Builders often use scaffolding to allow workers to reach heights until the structure of the building is secure enough. Similarly, we can use scaffolding to help children increase their knowledge over time. 

By Momentous Institute | Apr 01, 2020
Scafolding

Have you ever seen a building under construction? They often use large temporary structures, called scaffolding, that allow workers to reach heights until the structure of the building is secure enough. Much like building construction, we can use scaffolding to help children increase their knowledge over time.

Educators are familiar with the idea of scaffolding learning, an approach that progressively moves students towards a goal. As parents and caregivers now teaching at home, we can deploy this same strategy to a variety of areas.

Start small. Builders don’t expect to reach the top floor at the start of construction. Rather, they make sure the foundation and lower levels are secure before attempting to build up.

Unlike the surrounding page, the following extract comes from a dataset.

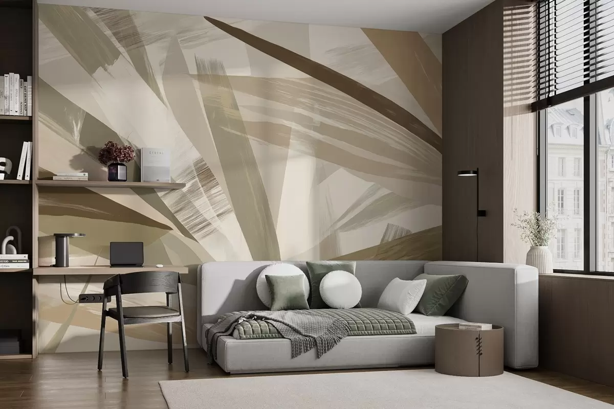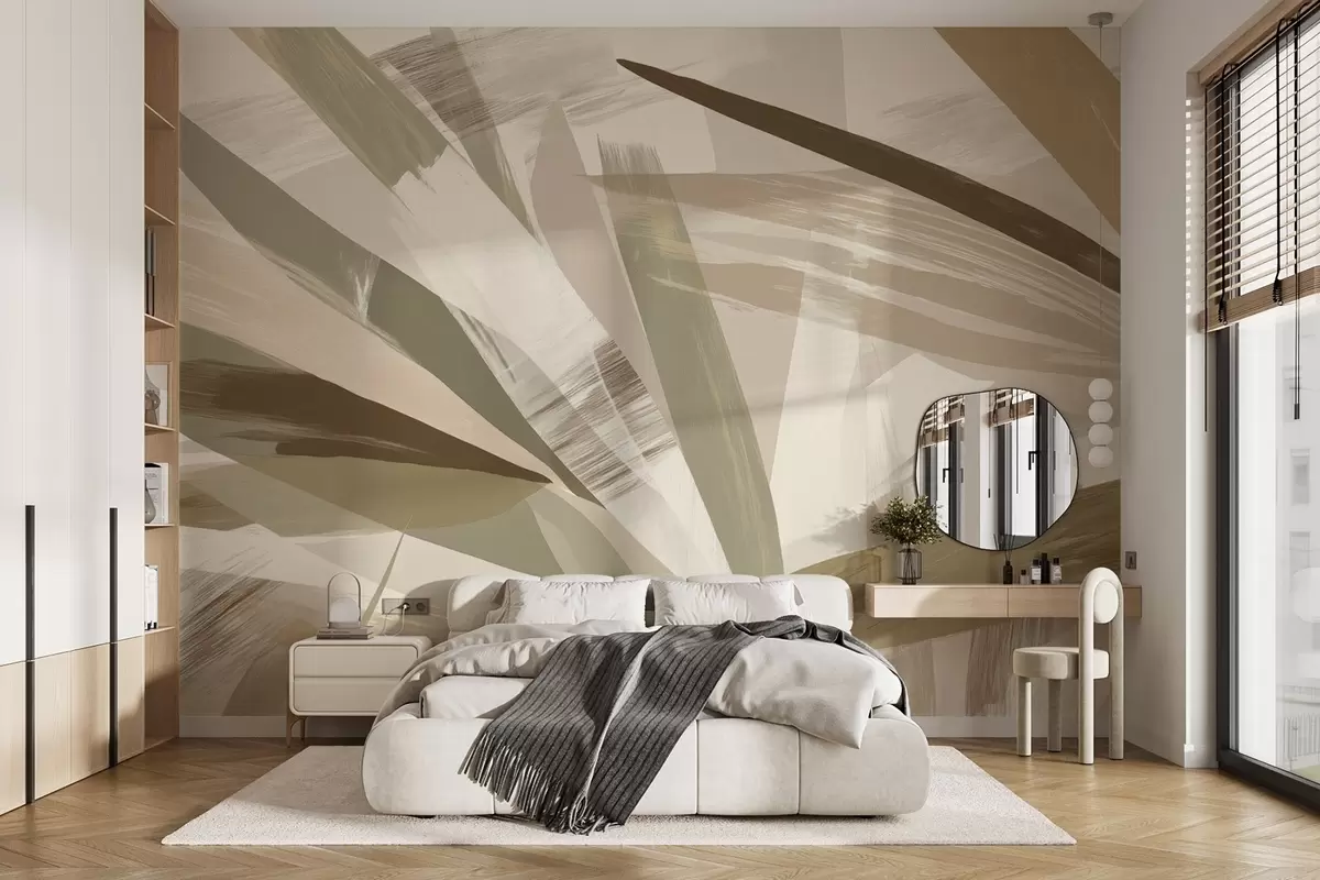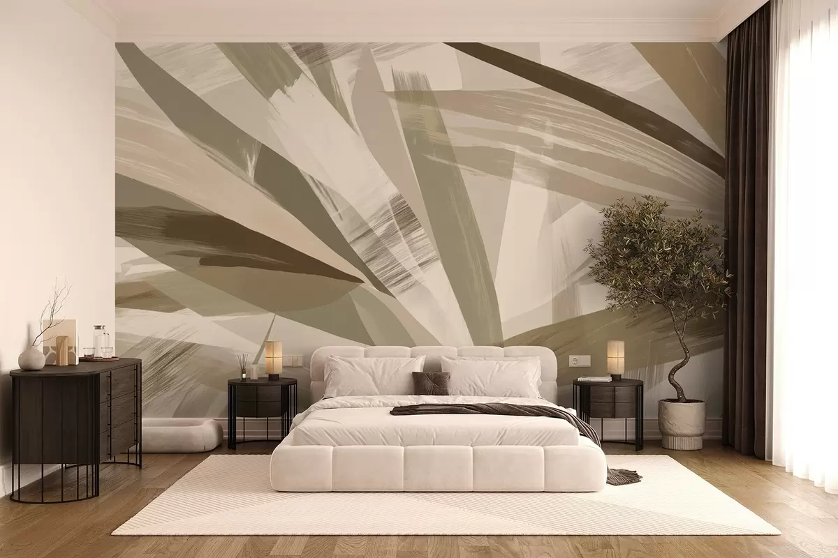 Фототапет Абстрактни листа в зелени и бежови тонове Nr w09091

If your goal is that your child will be able to have a structured routine, but is currently having a hard time sticking to any structure at all, start small. Attempt to have one hour of structure and allow the child to take the lead the rest of the day. Then, once an hour of structure is mastered, work up to half a day. Give the child plenty of opportunities for unstructured time, but hold firm boundaries on the structured time.

If your goal is to use less screen time during the day, start small. Designate one hour of the day “screen free time”. Then gradually increase this window of time, while providing your child examples of other activities that can be done without a screen.

Whatever your goal, think of scaffolding. Picture yourself constructing the lower levels of a building to ensure they are nice and secure before any attempts of building higher levels.